In spite of this warning, Jefferson Davis finally decided that Sumter must be taken. He bade the Southern general, Beauregard, not to allow any supplies to pass in, and to fire upon the fort if it did not surrender. As Anderson firmly refused to yield to Beauregard’s summons, the bombarding of Fort Sumter began on April 12, 1861.
At the end of about thirty hours the fort was a heap of smoking ruins, and as there was neither food nor ammunition left, Anderson was forced to haul down the Union flag and surrender. But he and his men were allowed to leave with their arms and colors, and the flag they thus saved was, as we shall see, again raised over Fort Sumter four years later.
Although there were none killed on either side in this battle of “seventy men against seven thousand,” the firing on Fort Sumter acted like an electric shock upon the whole nation. Until then there had been two kinds of patriots in the North; but the fact that the flag had been fired upon put an end to all disputes, and the people rose like one man to defend it.
Lincoln, who had made no preparations for war, so as not to make the South angry and force matters, now called for seventy–five thousand men “to maintain the honor, the integrity, and the existence of the Union.” These men were called for three months only, because people then fancied that the war would be over in ninety days at the utmost.

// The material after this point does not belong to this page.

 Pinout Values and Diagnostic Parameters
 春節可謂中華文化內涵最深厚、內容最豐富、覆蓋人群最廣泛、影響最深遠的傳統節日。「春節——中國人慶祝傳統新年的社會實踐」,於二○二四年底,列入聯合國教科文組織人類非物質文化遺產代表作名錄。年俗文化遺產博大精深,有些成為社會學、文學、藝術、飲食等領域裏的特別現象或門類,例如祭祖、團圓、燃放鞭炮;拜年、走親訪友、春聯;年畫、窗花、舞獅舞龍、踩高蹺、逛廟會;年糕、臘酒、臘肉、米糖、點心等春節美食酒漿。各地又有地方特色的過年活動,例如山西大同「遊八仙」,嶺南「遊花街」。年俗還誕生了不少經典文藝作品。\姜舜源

In fact, at this sad time both parties greatly misunderstood each other. Educated people in the North felt sure the South would yield rather than see blood shed. But educated people in the South felt equally certain that for the sake of peace the North would yield, as had so often happened before. Besides, there were ignorant Northerners who fancied that Southern people were “fire eaters,” and could only talk; while the same class in the South loudly boasted that the Yankees “would back up against the north pole rather than fight,” and that “one Confederate could whip five Yankees.”